Work required: What is needed is an exact copy of the lines from the start of the records below through the line with "llorar de risa….", without the pictures.
--- START ---
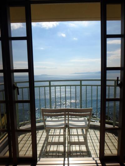 全客室が海に面しているので、お部屋のバルコニーからは、遮るものの何もない相模湾の絶景を独り占めできます。各バルコニーには白いチェアが2脚ずつ置いてあり、ここに座って海を眺めている時間はまさに至福のひととき。お部屋のタイプによっては、若干視界の一部が遮られる場合もあるようですが、3階以上の高層階であれば問題はありません。
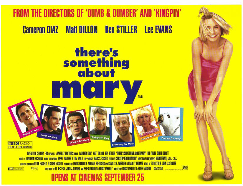 Fue con «Dos tontos muy tontos» donde los hermanos Farrelly fueron conocidos por el gran mundo , pero fue con esta «Algo pasa con mary» con la que hicieron su obra maestra que hasta la fecha no han conseguido igualar…peli con rubia, muchos pretendientes y un perro …un perro que con esta escena me hizo llorar de risa….
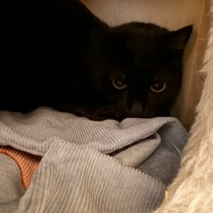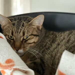 Bij ons is Chouchou wat afstandelijk. Ze is niet bang, maar zit ook niet te wachten op veel aaitjes. Ze is tolerant naar andere katten en komt graag buiten, dus een thuis waar ze ook op avontuur kan, past het best bij haar. 🐾💛
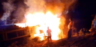 लांजा : वाकेड घाटात कोसळलेला कंटेनर आगीत जळून खाक; दोघेजण गंभीर
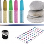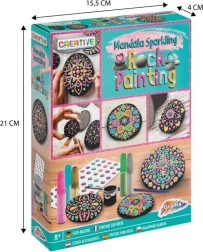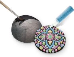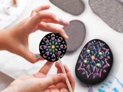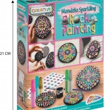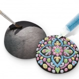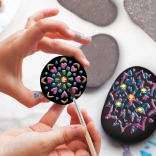 Uz ovaj kreativni set lako ćete izraditi efektne mandalinske uzorke i sjajne motive na glatkim kamenčićima. Zahvaljujući kombinaciji crne podloge, metalnih boja i samoljepljivih kamenčića vaše dekoracije istaknut će se snažnim kontrastom i sjajem. Slikanje na kamenčiće odličan je način da se opustite i pritom izradite lijepe darove ili dodatke za dom i vrt.
--- END ---
Reply:
 全客室が海に面しているので、お部屋のバルコニーからは、遮るものの何もない相模湾の絶景を独り占めできます。各バルコニーには白いチェアが2脚ずつ置いてあり、ここに座って海を眺めている時間はまさに至福のひととき。お部屋のタイプによっては、若干視界の一部が遮られる場合もあるようですが、3階以上の高層階であれば問題はありません。
 Fue con «Dos tontos muy tontos» donde los hermanos Farrelly fueron conocidos por el gran mundo , pero fue con esta «Algo pasa con mary» con la que hicieron su obra maestra que hasta la fecha no han conseguido igualar…peli con rubia, muchos pretendientes y un perro …un perro que con esta escena me hizo llorar de risa….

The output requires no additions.